A majority of Brits believe robots will surpass human intelligence, and a third say they will even be able to form emotional relationships. So what role remains for humans?

We see machines tirelessly doing jobs previously undertaken by humans every day, from the self-checkout counters at the supermarket to robotic vacuum cleaners bumping from skirting board to table leg. So it’s no surprise that a quarter of Brits worry that their own jobs will be seized by robots within a decade, as revealed by a YouGov survey for Trade Union Community and the Fabian Society.

As we face obsolescence caused by the machines that we ourselves designed, it’s time for some soul-searching; what can humans still bring to the table? Will there always be a place for human intelligence?

How smart are robots, compared to humans?

When it comes to intelligence, the majority of Brits are convinced that robots have either already surpassed humans, or will in the near future. One in five (21%) say they have already overtaken us, while four in ten (38%) predict that they will do so in time. Only a fifth (20%) doubt that they will ever be able to reach those levels.
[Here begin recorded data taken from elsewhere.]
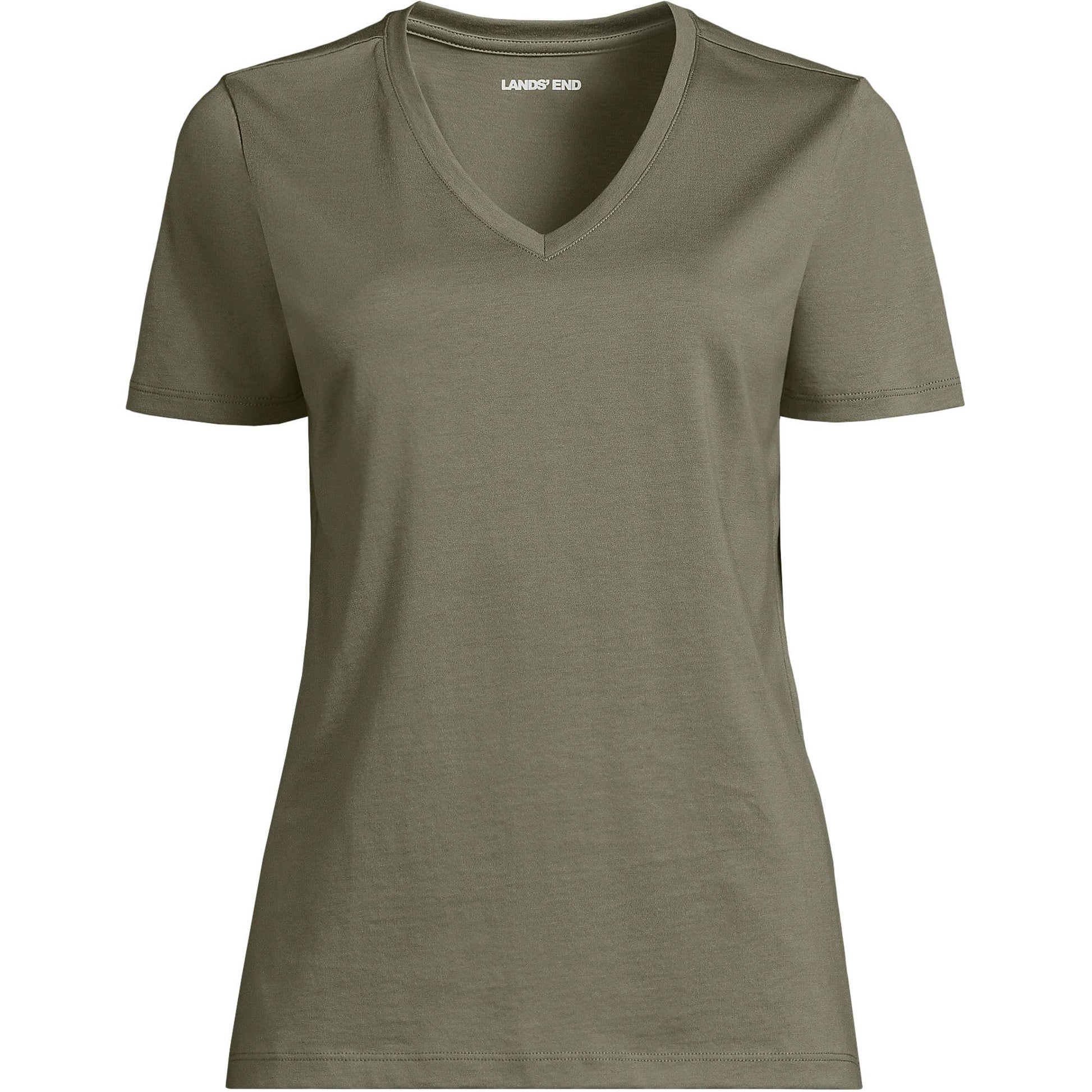 Lands' End Womens SS Relaxed Supima V Neck T Shirt Soft Olive Drab Tall Medium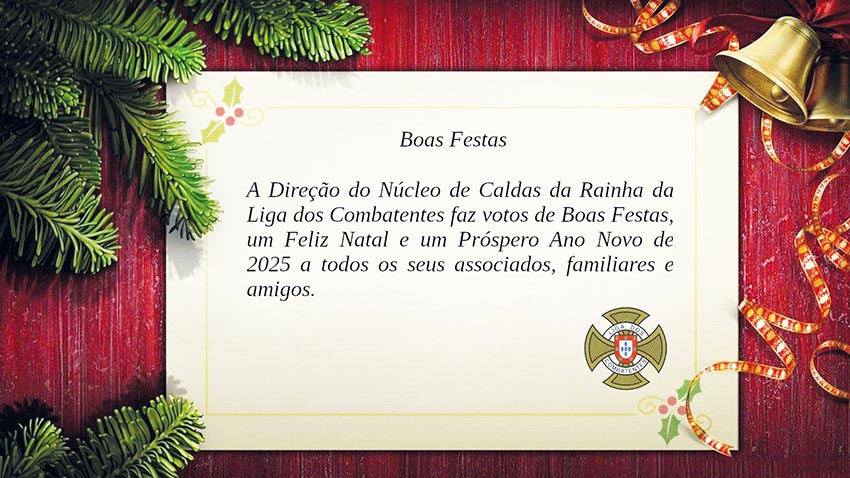 Em jeito de despedida do ano, deseja-se ao estimado leitor um Santo Natal, Boas Festas e um Ano de 2025 pleno de concretizações. Caso necessite, não hesite em contactar-nos através dos números: 913532075; 913534239; 262843142; do e-mail: caldas.rainha@ligacombatentes.org; caldas.rainha.ligacombatentes@gmail.com ou visitar-nos na nossa sede na Rua do Sacramento n.º 7, r/c esq. º 2500-182 Caldas da Rainha, a partir de 07 de janeiro de 2025!■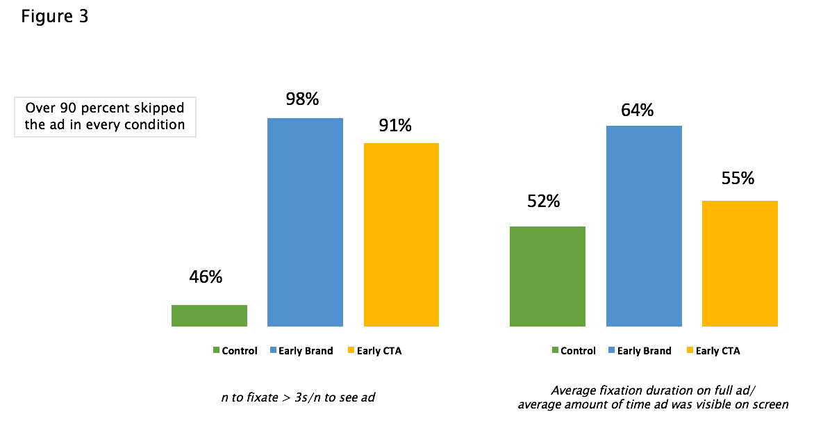Both early branding and an early CTA significantly increased the number of participants that looked at the ad for longer than three seconds. That indicated some effectiveness in capturing early attention. Did that initial increase in visual attention remain for the rest of the video? In all three conditions, more than 90 percent of participants skipped the ads after five seconds. However, the average duration of fixation on the ad relative to the amount of time the video was on the mobile screen was significantly higher on the early branding condition at 64 percent of the time, relative to 55 percent on early CTA and 52 percent on the control version (Figure 3). Previous Google research states that presenting the brand during the first five seconds led to higher ad recall, which supports the advantage of presenting early assets in the execution, especially the brand logo.
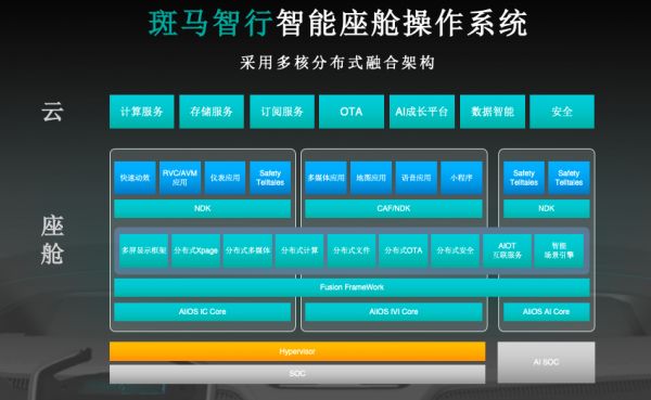 作为CloudCar在智能汽车产品上落地的重要载体,斑马智行智能座舱操作系统采用多核分布式融合架构,能将云、边、端计算、存储于服务的一体化融合。采用SOA软件架构Fusion分布异构融合,将实现服务原子化,主动服务用户。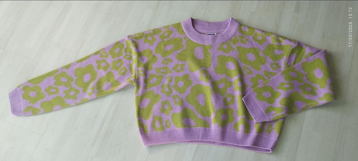 Uus, mitte kordagi kantud. Lühike džemper. Kantav üksi või valge särgi peal jne. Lilla ja roheline - suurepärane värvikombinatsioon! Laius kaenla alt venitamata 60x2, venib veel hästi. Selja pikkus 48 cm. 100% akrüül.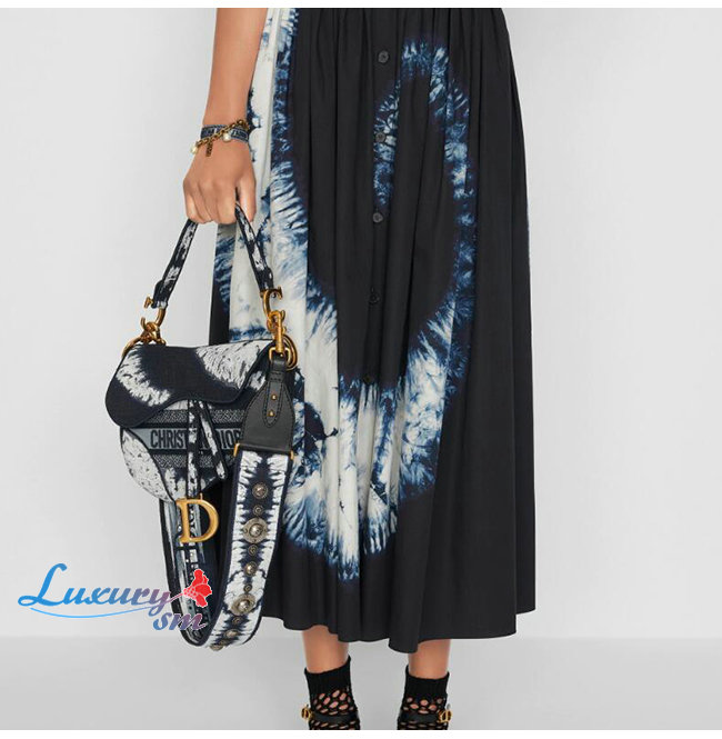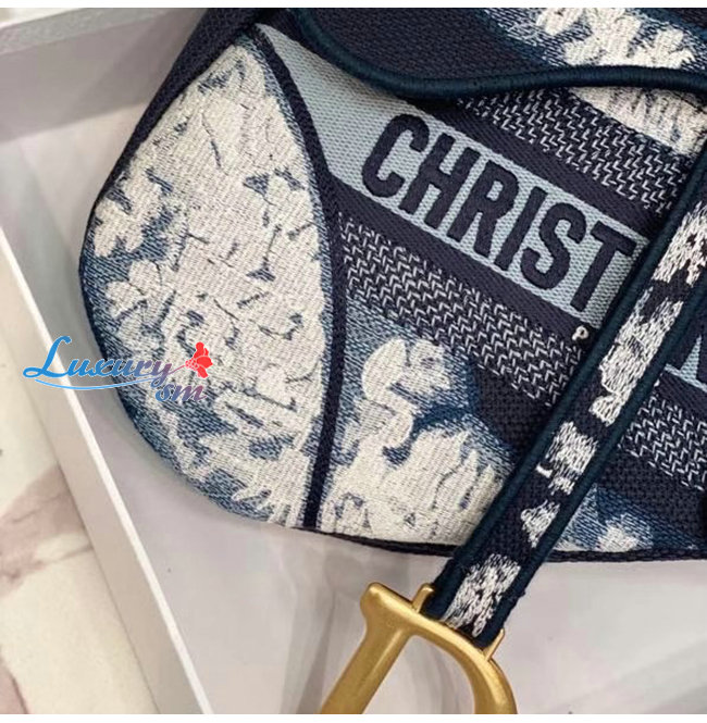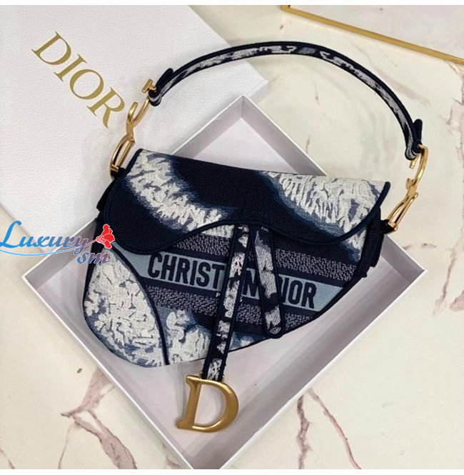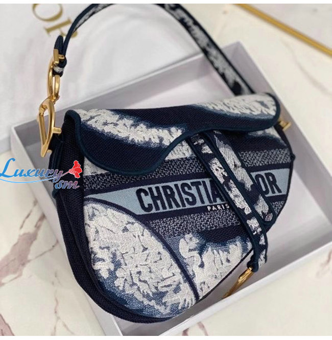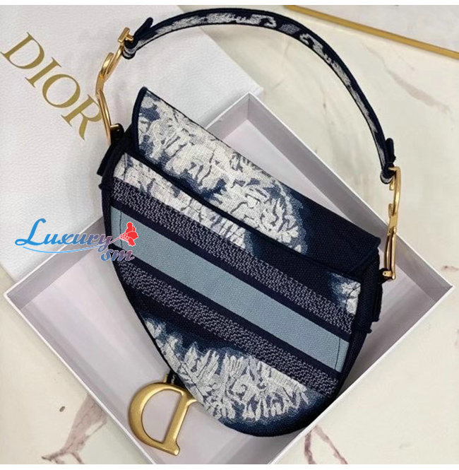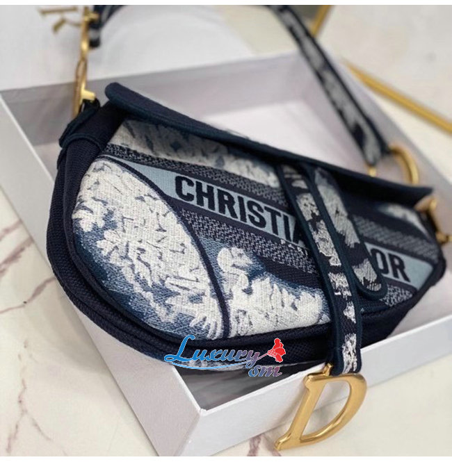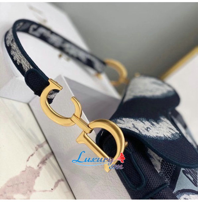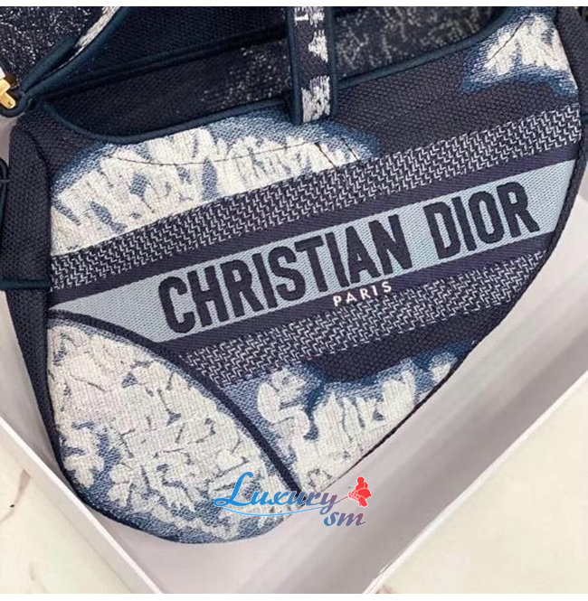 [스페셜오더]DIOR-M0446 디올 블루 Tie & Dior 자수 페브릭 새들백

Young people are significantly more likely to think robots either already have developed (26%) or will be able to develop (48%) higher intelligence than humans, compared to one in five (18%) of those aged 55 and above believing they have, and a third (35%) believing they will.

In the same vein, older generations are more than twice as likely to think robots will never develop human levels of intelligence. One in four (26%) of over 55s feel that way, compared to just one in eight (12%) of those aged from 18 to 24.

Can robots really be our friends?

Worry though we might about robots taking jobs from humans, it’s often said that at least the capacity for emotion, sensitivity and creativity is ours alone.

However, researchers are already creating robots capable of displaying compassion – a development which could have a revolutionary effect on society, with empathetic robot nurses capable of caring for our elderly.

Just one in twenty (6%) Brits think robots have already developed emotional capacities advanced enough to form relationships with humans, but over a quarter (28%) think they will do so in the future.

Young people are significantly more likely to see this as a possibility, with nearly half (45%) of 18 to 24 year olds saying so compared to just one in five (19%) of those aged 55 and above. Just a third (35%) of those aged 18 to 24 think robots will never be able to develop advanced enough emotional capacities to rival human relationships, rising to just under half (45%) of the population as a whole.

What exactly is a robot?

YouGov research reveals Brits are divided on exactly what they think counts as a robot. Respondents were given a list of different technologies and asked which they classified as a robot.

The form of technology most likely to count is ‘machine automation’ – inventions such as driverless cars or automated vacuum cleaners, which six in ten Brits (61%) are robots. Half (49%) of Brits see machines capable of providing companionship, such as Alexa or Siri, as robots. 

One in five Brits (22%) would classify ‘machine-assisted technology’ – such as a self-checkout machine, or an ATM, for example – as a robot. The same proportion (23%) see machines capable of following non-verbal commands, like a GPS device, as robots. Just under a fifth (18%) see none of the above as robots.